» AIM OF THE TASK
Without including any images, please transcribe all the lines below exactly.

● ● ● ● ● ● ●

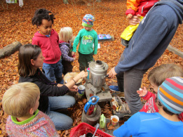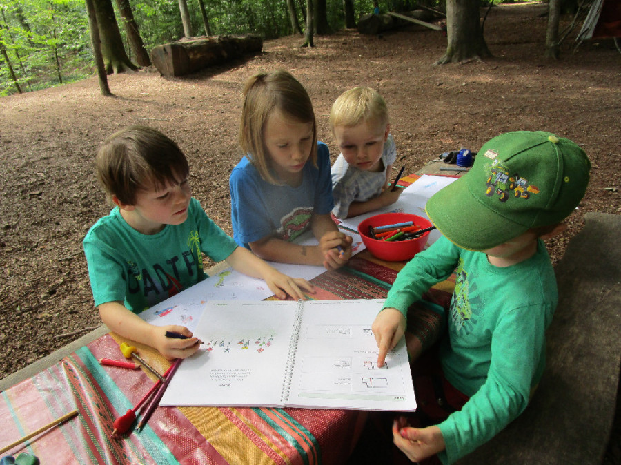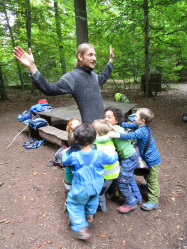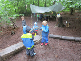 Es regnet. Zwei Kinder halten je eine Stange, während ein Kind die Heringe verteilt, mit denen zwei Erzieher das Tarp gleich neben einem Teich aufspannen. Kaum steckt ein Hering im Boden springen schon ein paar Kinder lachend unter der flatternden Plane durch. Ein Regenschauer hat uns überrascht und unterm Tarp finden wir alle einen trockenen Platz fürs Vesper. - - - Mit Instrumenten ausgerüstet läuft die Räubergruppe durch den Wald. Ein Erzieher singt ein paar lustige Reime in ein Bananenmikrofon, welche mit schallendem Gelächter der Kinder beantwortet werden. Man könnte meinen, hier wird ein Fest gefeiert, wir feiern aber einfach nur den Moment, das Leben, die Musik! - - - Auf dem Tisch verstreut liegen neben Kulleraugen und Glitzersteinchen verschiedene Werkzeuge und Hölzer. Eine Praktikantin arbeitet mit einer Gruppe von Kindern an deren Kunstwerken aus Holz und diversem Bastelmaterial. Mit einem dünnen Handbohrer wird ein Loch in einen Ast gebohrt, so dass ein Stück Pfeifenputzer als Arme hinein gesteckt werden kann. - - - Drei Kinder und unsere Praktikantin haben sich um eine große Schüssel versammelt. Ein Junge schlägt gerade Eier in den orangenen Spätzleteig. Orange ist er wegen des Hokkaidokürbis, den wir zuvor püriert hatten. Nebenan steht ein großer Topf voll Wasser auf dem Feuer, worin wir später die Kürbisspätzle kochen werden. - - - In der Kuschelecke wickelt ein Kind einem anderen einen Verband um. Ein erste-Hilfe-Koffer liegt neben ihm. Ganz ruhig spielen sie miteinander. - - - Ausgelassenes Gelächter schallt von einer Kindergruppe herüber. Mit einem kleinen Wägelchen saust ein Mädchen ein schräg an einen Baumstamm gelegtes Brett hinunter. Auf dem Stamm stehen einige andere Kinder und johlen freudig hinterher. Dann kommt die Mutter des Mädchens und man sieht das Grüppchen Kinder mit ihr noch ein Weilchen zusammen stehen und reden. Denn eigentlich will die kleine Räuberin doch noch gar nicht nach Hause.
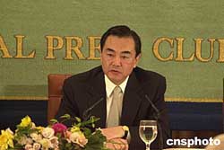 中國(guó)駐日本大使王毅十八日應(yīng)邀在日本記者俱樂(lè)部舉行首次大型記者招待會(huì),闡明中國(guó)政府對(duì)日方針政策以及在歷史、臺(tái)灣等問(wèn)題上的原則立場(chǎng),并回答了記者提問(wèn)。作者:王健
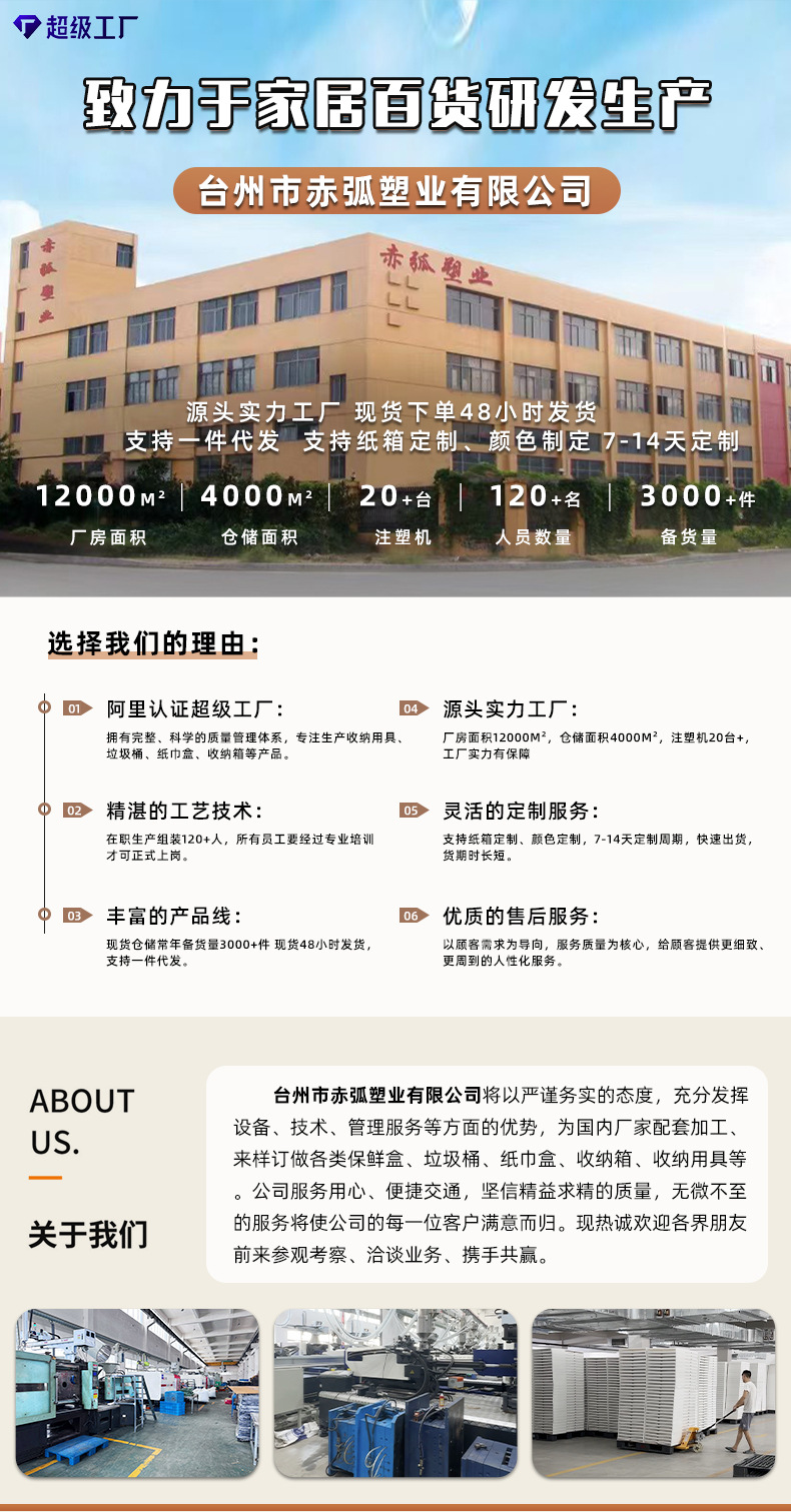 因为我们是源头工厂,有多年收纳盒,置物架、垃圾桶等生产加工经验,口碑好,深受品牌商青睐,所以我们的工厂更值得广大群体的信赖,违约风险低。
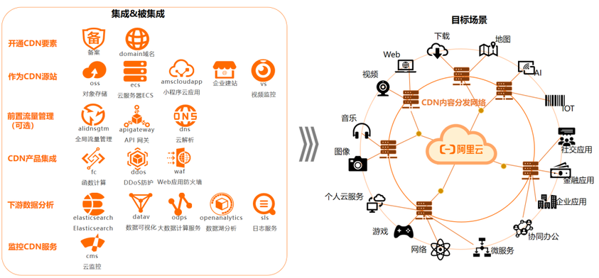 阿里云CDN正在与更多的云服务进行连接、整合,目的是让用户在从接入到开通、到内容分发、到最后的监控的流程链路中,更便捷地接入云上生态。
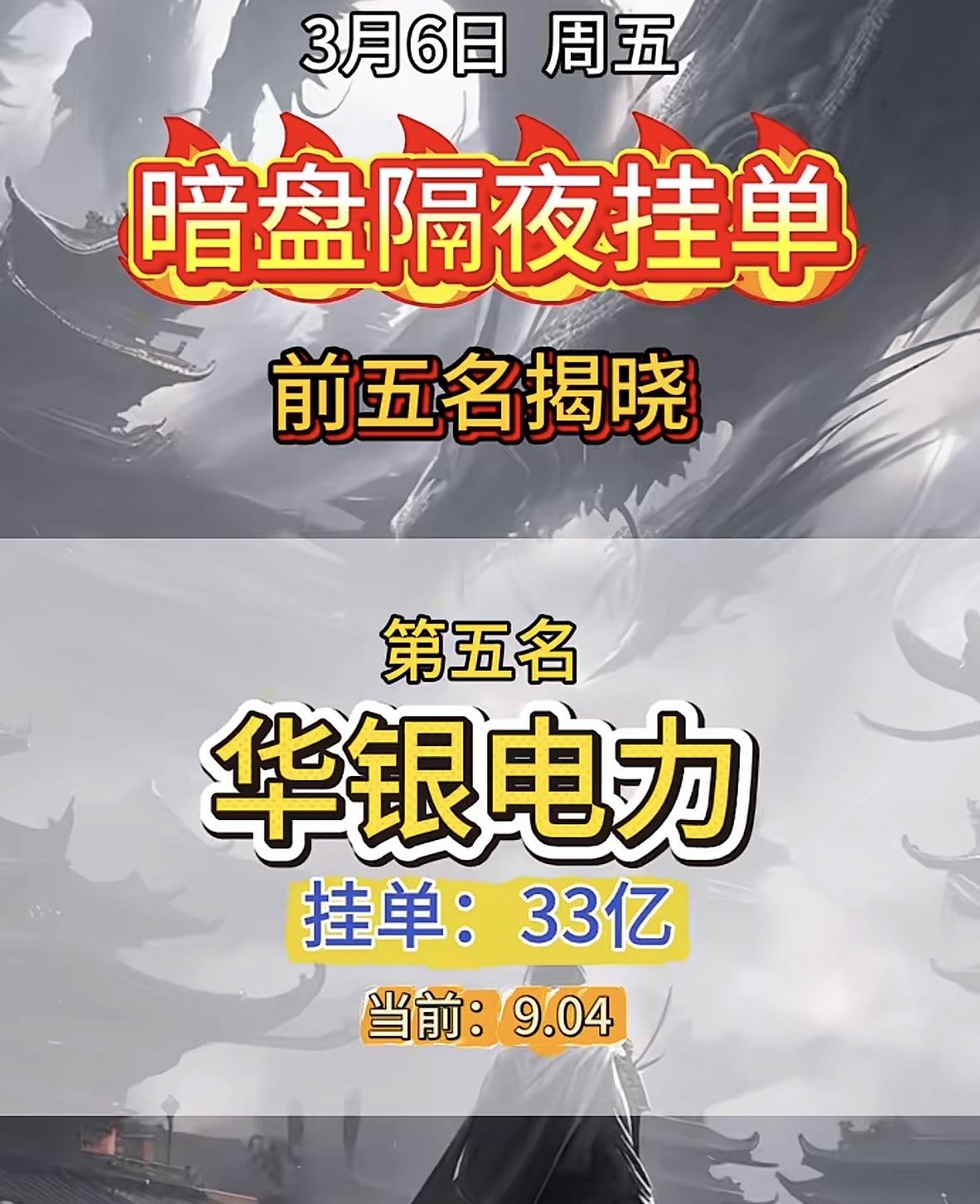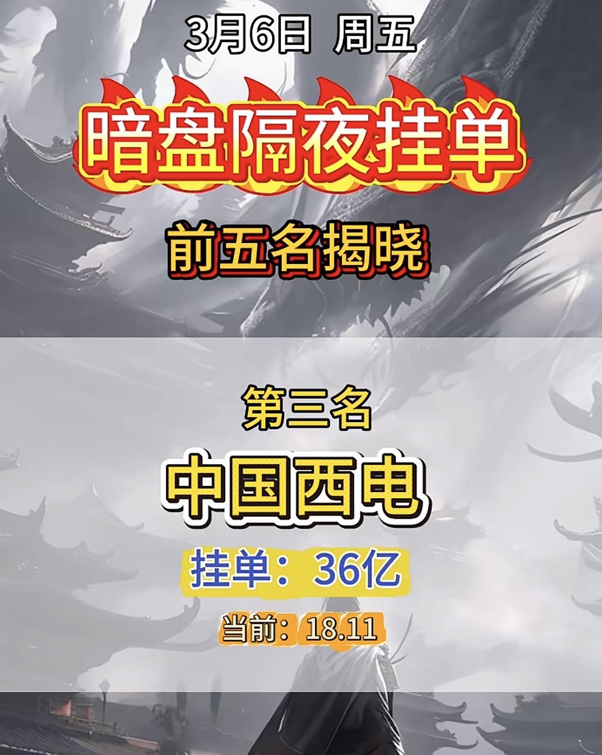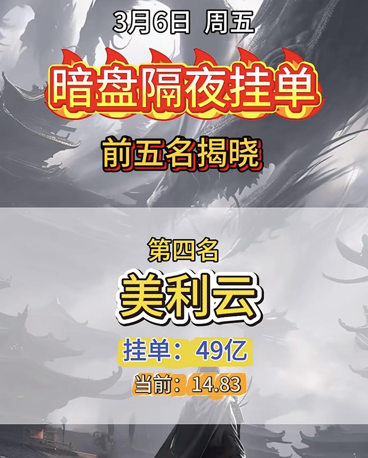 3月6日周五晚上暗盘隔夜挂单前5名个股榜出炉! 暗盘隔夜挂单,前五名揭晓!美利云强势上榜!汉缆股份暗盘挂单夺冠,隔夜交易势头强劲,市场关注度
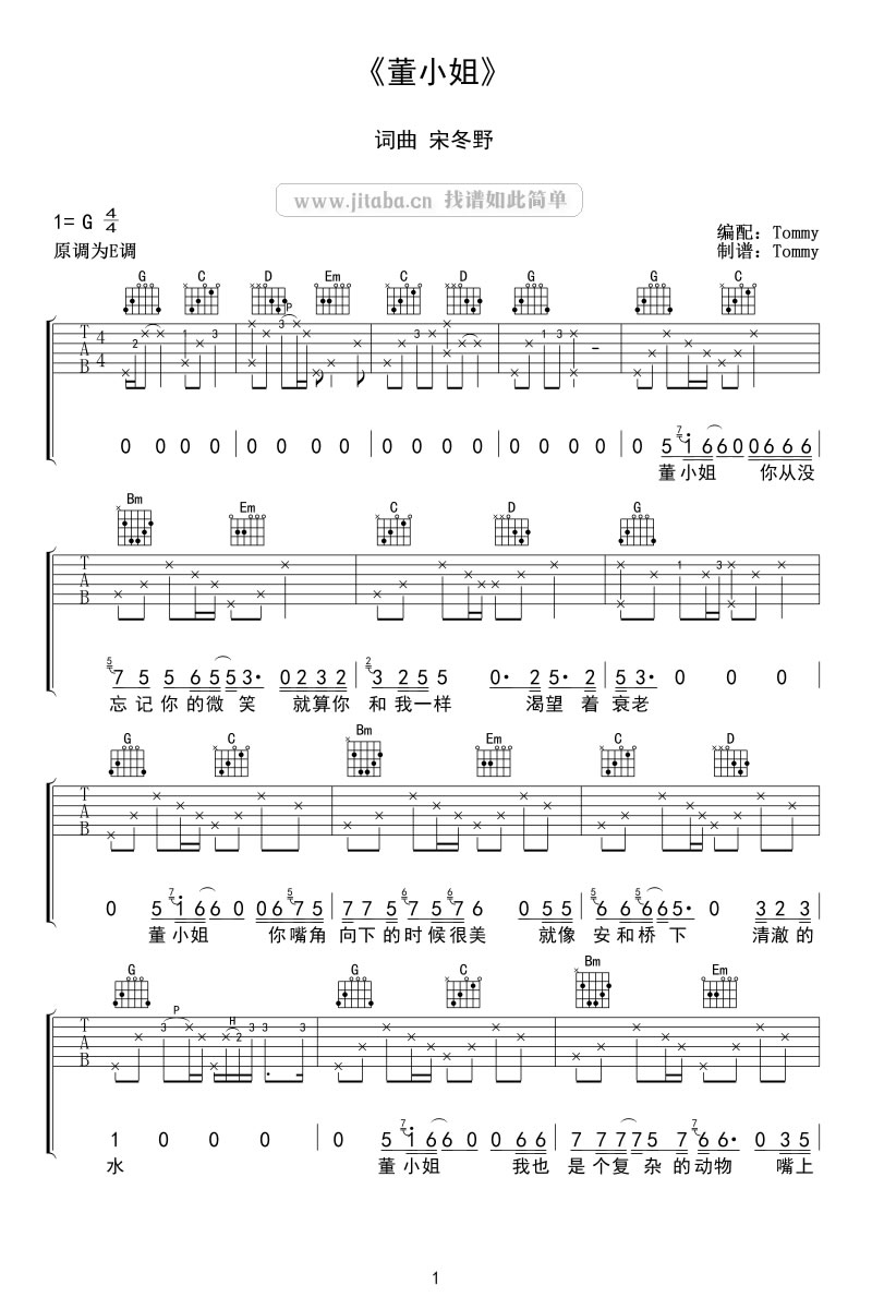 曲谱介绍: 宋冬野董小姐吉他谱简单版,右手扫弦版,原调E选用G调编配,董小姐吉他弹唱谱,四张图片谱分两页呈现,感谢Tommy编配制谱。歌曲唱出了男胖子们淡淡的忧伤,我想每个人的心里都有一个董小姐,就像每个人都有沈佳宜一样…我们的青春都会是我们记忆里最清晰的地方。可能若干年后,你已经忘记了她的容貌、她的体态…但是当时喜欢她的那种的感觉会时时的等着你唤起。

● ● ● ● ● ● ●

» REPLY
 Es regnet. Zwei Kinder halten je eine Stange, während ein Kind die Heringe verteilt, mit denen zwei Erzieher das Tarp gleich neben einem Teich aufspannen. Kaum steckt ein Hering im Boden springen schon ein paar Kinder lachend unter der flatternden Plane durch. Ein Regenschauer hat uns überrascht und unterm Tarp finden wir alle einen trockenen Platz fürs Vesper. - - - Mit Instrumenten ausgerüstet läuft die Räubergruppe durch den Wald. Ein Erzieher singt ein paar lustige Reime in ein Bananenmikrofon, welche mit schallendem Gelächter der Kinder beantwortet werden. Man könnte meinen, hier wird ein Fest gefeiert, wir feiern aber einfach nur den Moment, das Leben, die Musik! - - - Auf dem Tisch verstreut liegen neben Kulleraugen und Glitzersteinchen verschiedene Werkzeuge und Hölzer. Eine Praktikantin arbeitet mit einer Gruppe von Kindern an deren Kunstwerken aus Holz und diversem Bastelmaterial. Mit einem dünnen Handbohrer wird ein Loch in einen Ast gebohrt, so dass ein Stück Pfeifenputzer als Arme hinein gesteckt werden kann. - - - Drei Kinder und unsere Praktikantin haben sich um eine große Schüssel versammelt. Ein Junge schlägt gerade Eier in den orangenen Spätzleteig. Orange ist er wegen des Hokkaidokürbis, den wir zuvor püriert hatten. Nebenan steht ein großer Topf voll Wasser auf dem Feuer, worin wir später die Kürbisspätzle kochen werden. - - - In der Kuschelecke wickelt ein Kind einem anderen einen Verband um. Ein erste-Hilfe-Koffer liegt neben ihm. Ganz ruhig spielen sie miteinander. - - - Ausgelassenes Gelächter schallt von einer Kindergruppe herüber. Mit einem kleinen Wägelchen saust ein Mädchen ein schräg an einen Baumstamm gelegtes Brett hinunter. Auf dem Stamm stehen einige andere Kinder und johlen freudig hinterher. Dann kommt die Mutter des Mädchens und man sieht das Grüppchen Kinder mit ihr noch ein Weilchen zusammen stehen und reden. Denn eigentlich will die kleine Räuberin doch noch gar nicht nach Hause.
 中國(guó)駐日本大使王毅十八日應(yīng)邀在日本記者俱樂(lè)部舉行首次大型記者招待會(huì),闡明中國(guó)政府對(duì)日方針政策以及在歷史、臺(tái)灣等問(wèn)題上的原則立場(chǎng),并回答了記者提問(wèn)。作者:王健
 因为我们是源头工厂,有多年收纳盒,置物架、垃圾桶等生产加工经验,口碑好,深受品牌商青睐,所以我们的工厂更值得广大群体的信赖,违约风险低。
 阿里云CDN正在与更多的云服务进行连接、整合,目的是让用户在从接入到开通、到内容分发、到最后的监控的流程链路中,更便捷地接入云上生态。
 3月6日周五晚上暗盘隔夜挂单前5名个股榜出炉! 暗盘隔夜挂单,前五名揭晓!美利云强势上榜!汉缆股份暗盘挂单夺冠,隔夜交易势头强劲,市场关注度
 曲谱介绍: 宋冬野董小姐吉他谱简单版,右手扫弦版,原调E选用G调编配,董小姐吉他弹唱谱,四张图片谱分两页呈现,感谢Tommy编配制谱。歌曲唱出了男胖子们淡淡的忧伤,我想每个人的心里都有一个董小姐,就像每个人都有沈佳宜一样…我们的青春都会是我们记忆里最清晰的地方。可能若干年后,你已经忘记了她的容貌、她的体态…但是当时喜欢她的那种的感觉会时时的等着你唤起。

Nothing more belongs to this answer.